Наташа вышла, и тотчас же в кабинете появилась секретарша, принесла почту. Глаза у неё были красные, заплаканные.
— Что там? — нарочно грубо спросил Илья Титович, заглушая поднявшуюся жалость к ней.
— Бумага. Из управления.
Илья Титович, предчувствуя недоброе, схватил бумагу. Прочитал — и обмяк.
— Что с вами? — испугалась секретарша.
— Не тот Сергеев! Не из ГАИ — другой!.. — шептал он совершенно непонятное ей. — А я ему — наглость! А я ему — куда суёте нос…
Илья Титович не отрываясь смотрел на бумагу. В ней запрашивалось мнение руководителей предприятия об отмене, в качестве эксперимента, ученичества на фабрике.
Бумага была подписана начальником управления швейнотрикотажной промышленности А. К. Сергеевым.
На следующий день директор прямо с утра неожиданно пришёл в цех, где работали школьницы. В руке он держал объёмистый пакет. Девочки уставились на него удивлённо, притихли.

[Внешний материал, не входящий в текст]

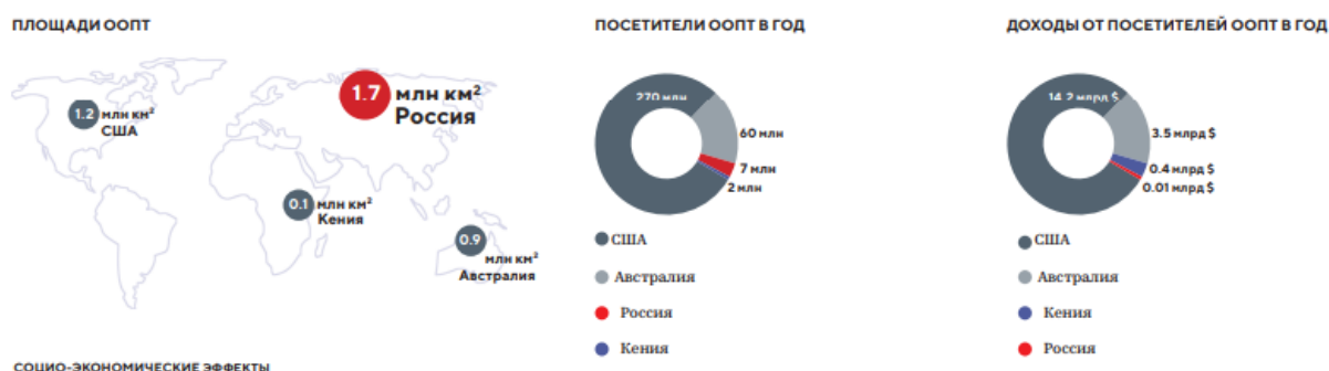
Рис.1. Мировой контекст развития экотуризма

Как мы видим, на рисунке 1 представлен сравнительный анализ стран-гигантов: США и Россия, которые имеют обширнейший потенциал для развития экотуризма и небольшая страна Кения, размером всего лишь 0.1 млн. км 2 . По показателю посетителей ООПТ лидируют США и Австралия, Россия сильно отстает по данному показателю [3]. При этом – критический анализ России и Кении по доходам от ООПТ указывает нам на то, что страна Кения при меньшем количестве посетителей (2 млн. чел) имеет доходы 0,4 млрд. $, а в России ничтожные 0, 01 млрд $. Соответственно, мы упускаем выгоду от туризма на территориях ООПТ.

Он скинул пиджак, скомандовал:
— Халат!
Наташа помогла ему влезть в узкий, не по размеру халат.
— Всё! — сказал он. — Теперь я сам за вас возьмусь.
Положил на стол пакет, открыл его. Девочки смотрели на него, как на фокусника. Но в пакете оказалось всего-навсего несколько их изделий из мешковины.
— Это, по-вашему, швы? — Он поднял куртку над головой. — Это волны морские, а не швы! Чему вас только инструктор учит? Такие швы стыдно заказчику показывать. А ведь у нас не кто-нибудь заказывает — магазины. Вот! — Он рванул куртку по шву. — А теперь смотрите, как надо делать швы.
Илья Титович сел к машине, направил под лапку крой. Потом сунулся носом чуть ли не под самую иглу, нажал педаль электропривода. Раздалась серия звуков, быстрых и отрывистых, как пулемётная очередь.
— Всё! Смотрите, учитесь! — Он подал куртку обступившим его девочкам. — Нет, вы возьмите линеечку, проверьте.
Наташа стояла в стороне и улыбалась.
Таким Илья Титович ей нравился, очень нравился.
Он был настоящим мастером швейного дела.
Семьдесят неизвестных
Семьдесят неизвестных — так я их всех тогда прозвал. Не вслух, конечно, а про себя. Их и в самом деле было ровно семьдесят, и все мне совершенно неизвестны. Я смотрел на них, они смотрели на меня, — для них я тоже был вопросительным знаком в голубой футболке с красной полосой на груди.
А рядом со мной стоял ещё один неизвестный, семьдесят первый. Я знал, как его зовут — Пётр Петрович, знал, что он завуч по производственному обучению, а теперь начальник лагеря труда и отдыха сельской школы. Но разве этого достаточно? Ведь, слышал я, говорят: чтобы узнать человека, надо с ним пуд соли съесть. Я, правда, тогда не понимал, почему именно пуд соли; куда приятнее пуд мороженого или конфет. Это только потом до меня дошло, что на сладком никого не проверишь, до сладкого все охотники.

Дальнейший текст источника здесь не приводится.